RECORDS FOR PROCESSING START

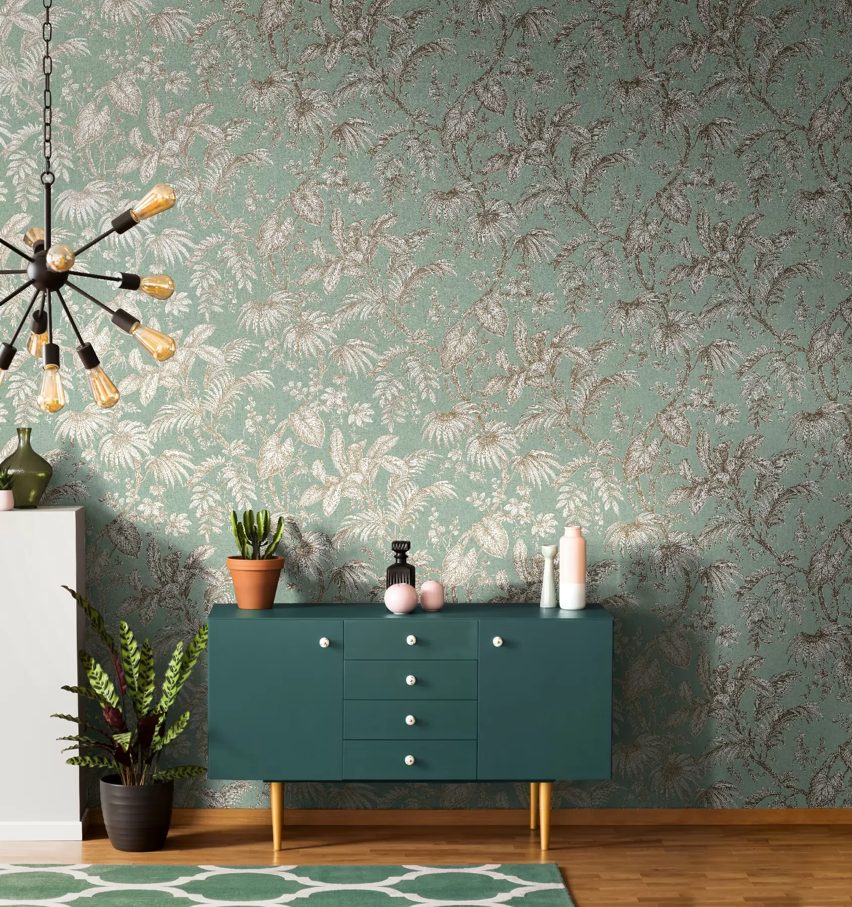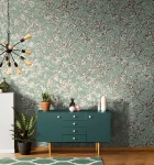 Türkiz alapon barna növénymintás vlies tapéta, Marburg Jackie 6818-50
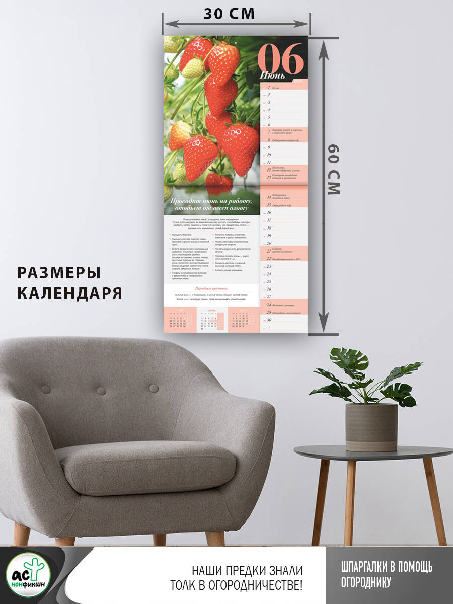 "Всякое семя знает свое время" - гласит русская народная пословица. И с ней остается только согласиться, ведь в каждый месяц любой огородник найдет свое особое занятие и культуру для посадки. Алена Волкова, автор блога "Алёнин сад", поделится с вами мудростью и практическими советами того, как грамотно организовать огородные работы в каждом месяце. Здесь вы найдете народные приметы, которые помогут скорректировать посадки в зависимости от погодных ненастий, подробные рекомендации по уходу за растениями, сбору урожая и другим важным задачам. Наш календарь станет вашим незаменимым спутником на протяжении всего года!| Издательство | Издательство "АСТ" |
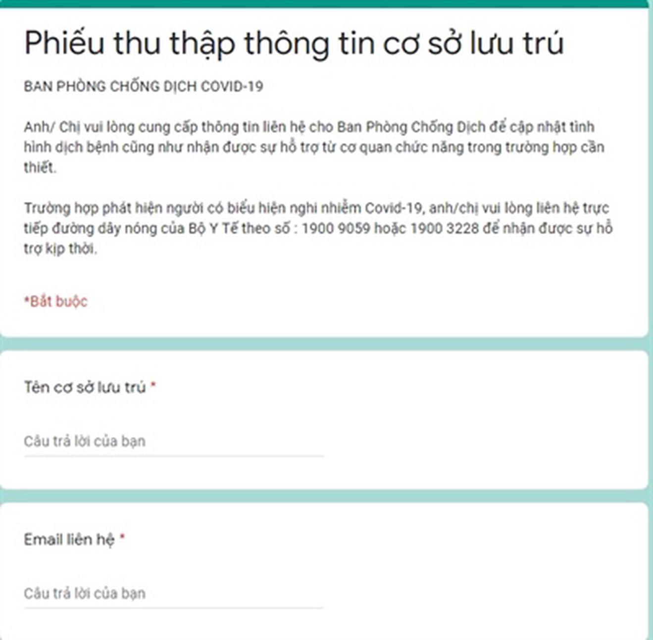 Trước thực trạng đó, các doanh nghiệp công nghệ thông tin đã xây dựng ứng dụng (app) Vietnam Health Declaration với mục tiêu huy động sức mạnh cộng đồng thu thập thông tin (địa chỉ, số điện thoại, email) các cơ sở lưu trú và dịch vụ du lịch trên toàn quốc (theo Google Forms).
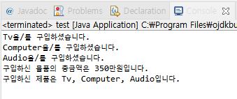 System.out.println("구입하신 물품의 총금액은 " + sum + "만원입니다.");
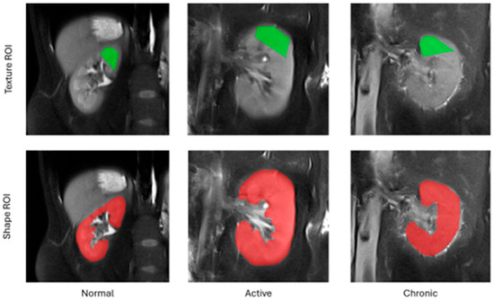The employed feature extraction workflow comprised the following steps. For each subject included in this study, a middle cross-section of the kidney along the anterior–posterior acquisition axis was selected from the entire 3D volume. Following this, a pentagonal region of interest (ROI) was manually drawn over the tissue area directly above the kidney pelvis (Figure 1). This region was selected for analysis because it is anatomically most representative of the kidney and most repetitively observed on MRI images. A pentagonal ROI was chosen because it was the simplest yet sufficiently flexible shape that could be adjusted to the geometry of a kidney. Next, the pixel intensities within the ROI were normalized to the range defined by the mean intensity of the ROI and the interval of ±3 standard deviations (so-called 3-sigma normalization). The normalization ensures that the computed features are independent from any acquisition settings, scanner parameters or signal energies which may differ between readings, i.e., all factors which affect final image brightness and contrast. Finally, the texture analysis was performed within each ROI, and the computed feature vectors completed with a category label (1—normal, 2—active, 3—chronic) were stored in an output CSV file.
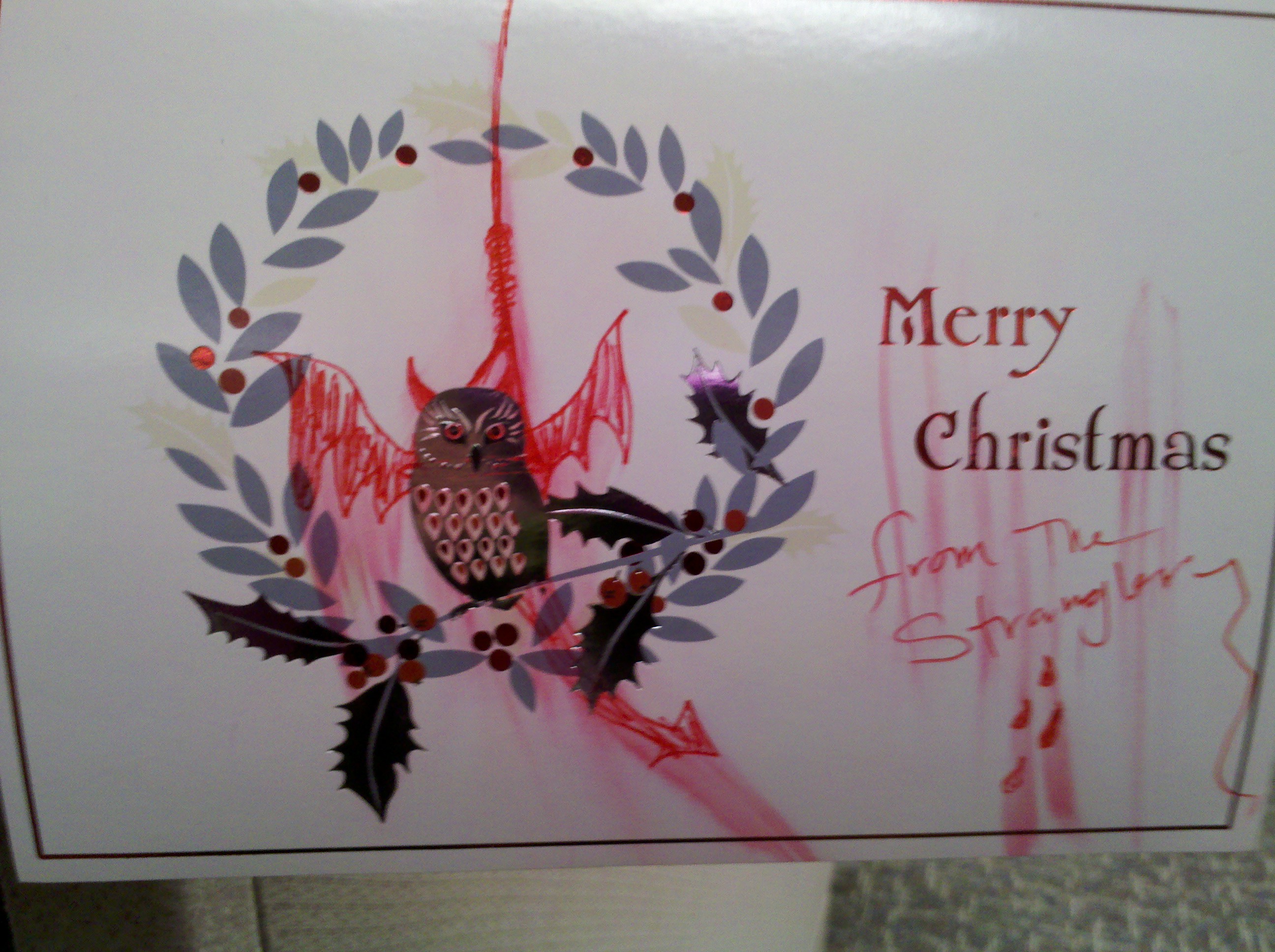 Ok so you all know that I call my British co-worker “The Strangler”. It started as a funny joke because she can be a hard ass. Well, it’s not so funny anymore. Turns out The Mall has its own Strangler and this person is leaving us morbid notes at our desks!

RECORDS FOR PROCESSING END

REQUIRED WORK -
Pictures are to be left out when the entries above are repeated exactly.

THE COMPLETED TASK -
 Türkiz alapon barna növénymintás vlies tapéta, Marburg Jackie 6818-50
 "Всякое семя знает свое время" - гласит русская народная пословица. И с ней остается только согласиться, ведь в каждый месяц любой огородник найдет свое особое занятие и культуру для посадки. Алена Волкова, автор блога "Алёнин сад", поделится с вами мудростью и практическими советами того, как грамотно организовать огородные работы в каждом месяце. Здесь вы найдете народные приметы, которые помогут скорректировать посадки в зависимости от погодных ненастий, подробные рекомендации по уходу за растениями, сбору урожая и другим важным задачам. Наш календарь станет вашим незаменимым спутником на протяжении всего года!| Издательство | Издательство "АСТ" |
 Trước thực trạng đó, các doanh nghiệp công nghệ thông tin đã xây dựng ứng dụng (app) Vietnam Health Declaration với mục tiêu huy động sức mạnh cộng đồng thu thập thông tin (địa chỉ, số điện thoại, email) các cơ sở lưu trú và dịch vụ du lịch trên toàn quốc (theo Google Forms).
 System.out.println("구입하신 물품의 총금액은 " + sum + "만원입니다.");
The employed feature extraction workflow comprised the following steps. For each subject included in this study, a middle cross-section of the kidney along the anterior–posterior acquisition axis was selected from the entire 3D volume. Following this, a pentagonal region of interest (ROI) was manually drawn over the tissue area directly above the kidney pelvis (Figure 1). This region was selected for analysis because it is anatomically most representative of the kidney and most repetitively observed on MRI images. A pentagonal ROI was chosen because it was the simplest yet sufficiently flexible shape that could be adjusted to the geometry of a kidney. Next, the pixel intensities within the ROI were normalized to the range defined by the mean intensity of the ROI and the interval of ±3 standard deviations (so-called 3-sigma normalization). The normalization ensures that the computed features are independent from any acquisition settings, scanner parameters or signal energies which may differ between readings, i.e., all factors which affect final image brightness and contrast. Finally, the texture analysis was performed within each ROI, and the computed feature vectors completed with a category label (1—normal, 2—active, 3—chronic) were stored in an output CSV file.
 Ok so you all know that I call my British co-worker “The Strangler”. It started as a funny joke because she can be a hard ass. Well, it’s not so funny anymore. Turns out The Mall has its own Strangler and this person is leaving us morbid notes at our desks!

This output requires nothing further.